It is a clear-eyed homage, sparse in texture and lyric in impact--even the central, interrupted perpetuum mobile has its eye on the sky. As played by Alexander Treger and Zita Carno, the nine-minute work delivered its paean with a quiet dignity befitting the feelings contained within its structure.

Through outwardness and motoric drive, Rouse’s “Surma Ritornelli” (1983) for 11 instruments rushes forward for a quarter of an hour without looking back.

It is not entirely a work of belligerence, as Harbison indicated, but rather one of single-minded purpose. Steady, loud and mechanical for long periods, it nevertheless contains moments of repose; paradoxically, both modes of expression, as used by Rouse, hint at an Oriental aesthetic. The performance, led deftly by Harbison, emerged unflinching.

Through pointed word-settings and economical and idiomatic instrumental writing, Harbison’s own “Mirabai Songs” (1982) offer accessibility and entertainment laced with a poetic eroticism.

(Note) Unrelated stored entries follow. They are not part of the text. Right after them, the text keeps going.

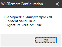 <RSAKeyValue><Modulus>...</Modulus><Exponent>...</Exponent></RSAKeyValue><Signature xmlns="http://www.w3.org/2000/09/xmldsig#"><SignedInfo><CanonicalizationMethod Algorithm="http://www.w3.org/TR/2001/REC-xml-c14n-20010315" /><SignatureMethod Algorithm="http://www.w3.org/2001/04/xmldsig-more#rsa-sha256" /><Reference URI=""><Transforms><Transform Algorithm="http://www.w3.org/2000/09/xmldsig#enveloped-signature" /></Transforms><DigestMethod Algorithm="http://www.w3.org/2001/04/xmlenc#sha256" /><DigestValue>.../DigestValue></Reference></SignedInfo><SignatureValue...</SignatureValue></Signature></WLS>
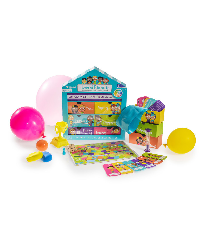 Welcome to Open The Joy's House of Friendship, where fun, teamwork, and laughter come together in one unforgettable adventure! This interactive friendship game set transforms playtime into a meaningful experience filled with cooperative challenges, mystery surprises, and engaging mini-games that celebrate the true meaning of friendship. Each colorful space on the game board reveals a surprise item and an activity designed to highlight important social skills such as empathy, communication, and cooperation. With 25 unique bonding games, children learn how to be kind, inclusive, and supportive while working together to complete fun challenges. Packaged in a whimsical, house-shaped box that doubles as a DIY playhouse or memory box, the House of Friendship makes the perfect addition to any classroom, family game night, or playdate. 100% screen-free and full of heart, this kit inspires creativity, strengthens social-emotional learning, and helps children build lasting connections through play.
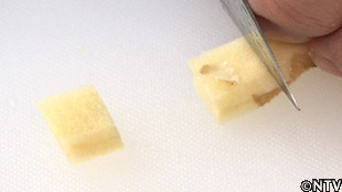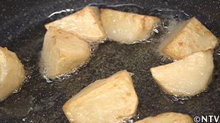 3.(2)で茹でたニンジンとジャガイモを取り出し、ジャガイモは180gの油で素揚げする。 |
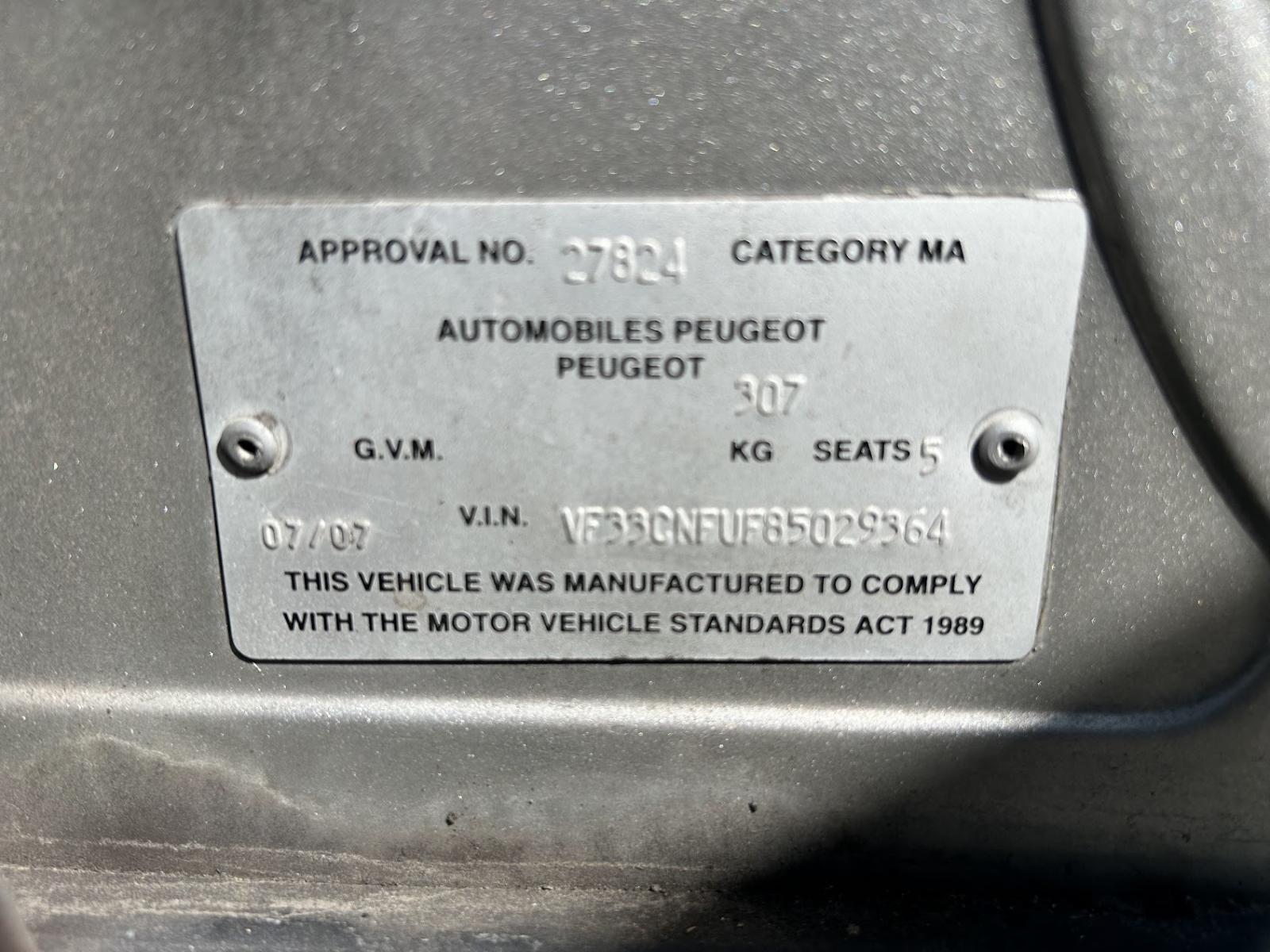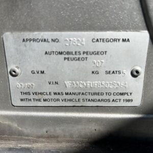 | Make / Model | PEUGEOT 307 | Year | 2007 |
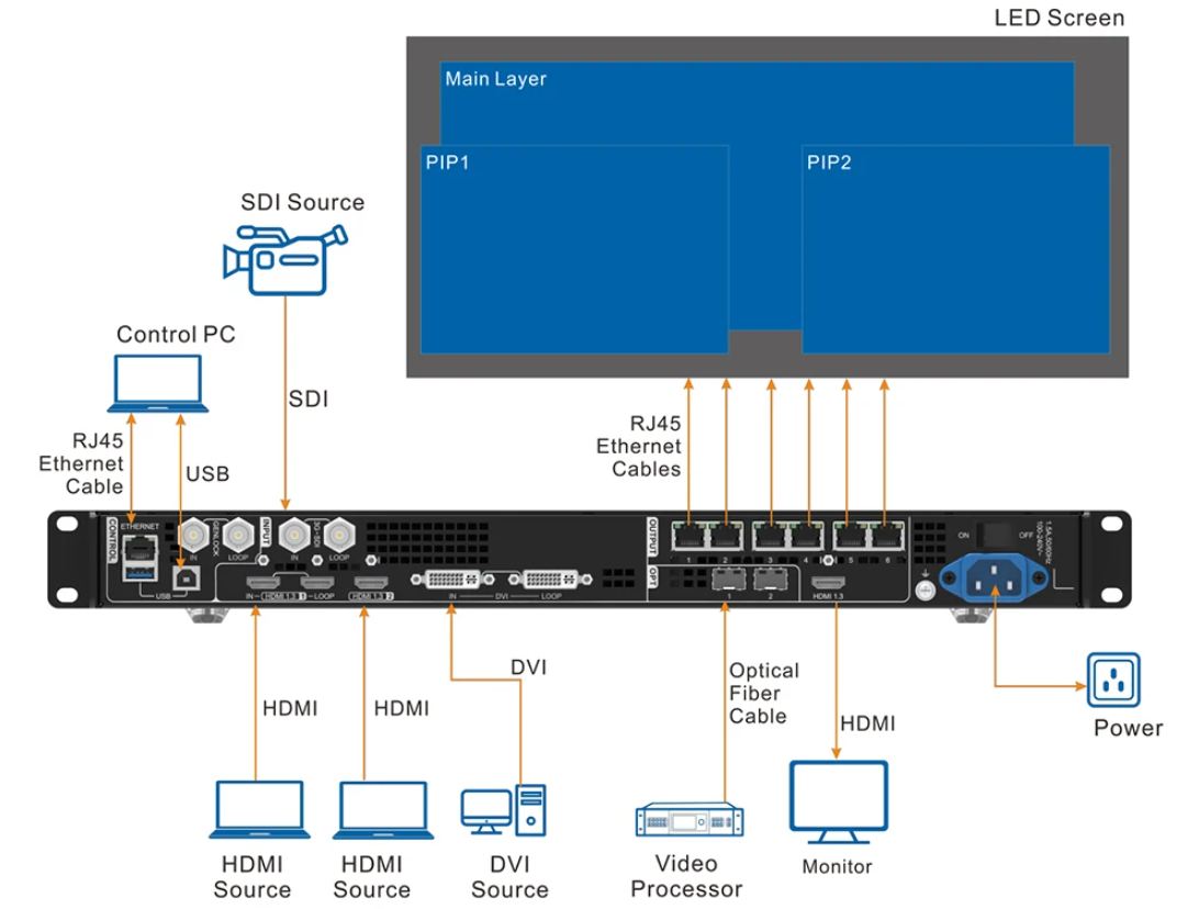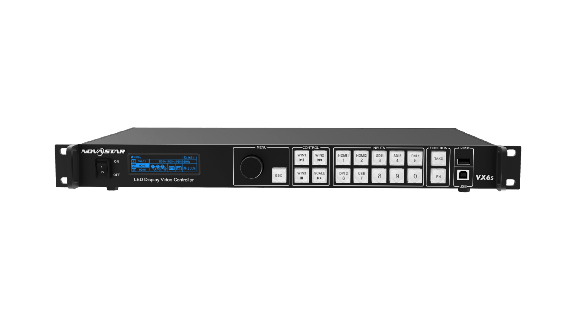 Novastar VX600 ledcontroller/scaler stödjer en upplösning på upp till 10,240 pixlar på bredden och 8,192 pixlar på höjden
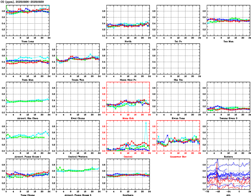 Air Quality Data Time Series for CO (2025/09/29) | ( Line colors: Day -3 Day -2 Day -1 Current day ) | 2D Map Current AQHI |
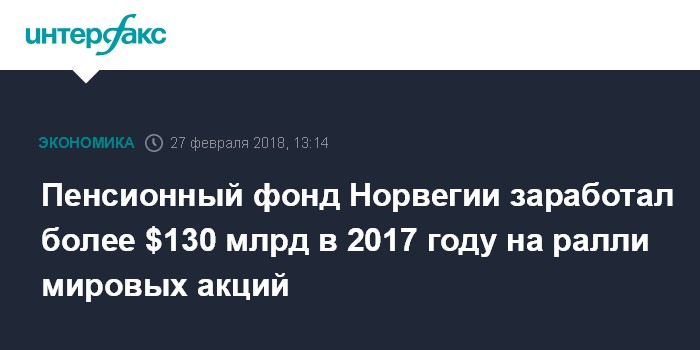 Москва. 27 февраля. INTERFAX.RU - Государственный пенсионный фонд Норвегии (он же Нефтяной фонд), самый большой фонд национального благосостояния в мире с активами объемом свыше $1 трлн, по итогам 2017 года получил доходность в размере 13,7% против 6,9% годом ранее.

Aided efficiently by an octet of players and the composer as conductor, soprano Roberta Gumbel sang the six songs stylishly, if with fewer facets than they may require.

Through breadth of vision, a witty musicality and economy of means, Wyner’s “On This Most Voluptuous Night” (1982), a song cycle for soprano and instrumental septet, provided the climax to this program.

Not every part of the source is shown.